#### [Exercise data]
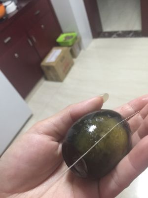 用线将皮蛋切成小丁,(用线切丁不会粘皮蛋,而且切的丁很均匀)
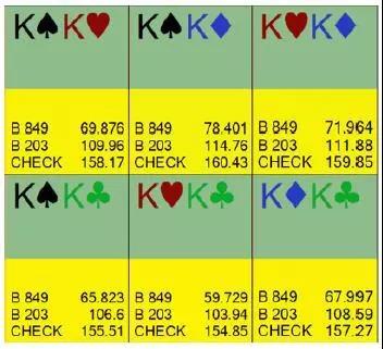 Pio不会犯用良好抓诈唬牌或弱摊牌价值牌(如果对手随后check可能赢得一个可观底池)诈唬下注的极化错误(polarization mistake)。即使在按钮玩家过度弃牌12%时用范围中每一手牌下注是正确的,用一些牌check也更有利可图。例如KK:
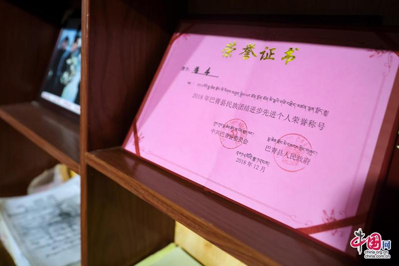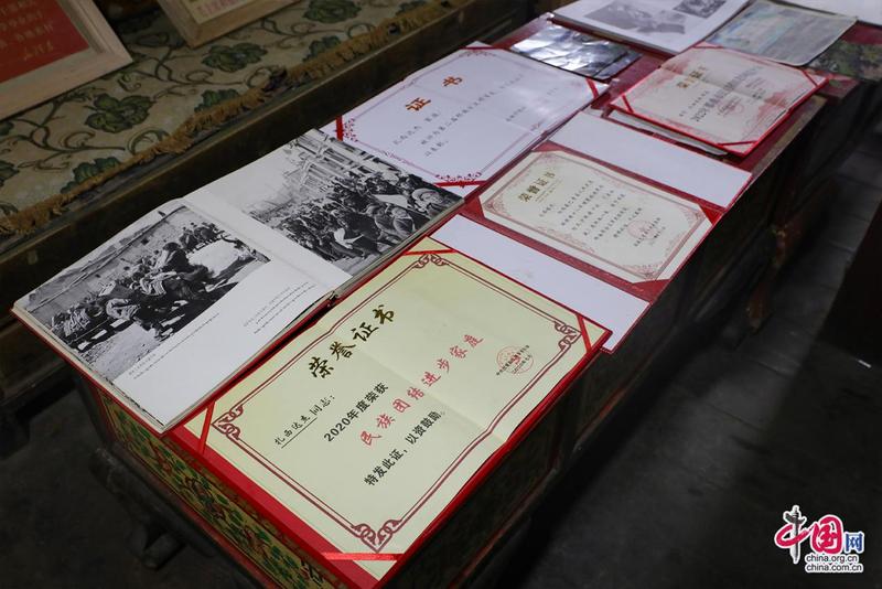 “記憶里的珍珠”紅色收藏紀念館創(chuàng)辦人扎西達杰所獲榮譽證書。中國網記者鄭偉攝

#### [What is being asked]
Could every line above be set down exactly, with the pictures omitted?

#### [Output of the task]
 用线将皮蛋切成小丁,(用线切丁不会粘皮蛋,而且切的丁很均匀)
 Pio不会犯用良好抓诈唬牌或弱摊牌价值牌(如果对手随后check可能赢得一个可观底池)诈唬下注的极化错误(polarization mistake)。即使在按钮玩家过度弃牌12%时用范围中每一手牌下注是正确的,用一些牌check也更有利可图。例如KK:
 “記憶里的珍珠”紅色收藏紀念館創(chuàng)辦人扎西達杰所獲榮譽證書。中國網記者鄭偉攝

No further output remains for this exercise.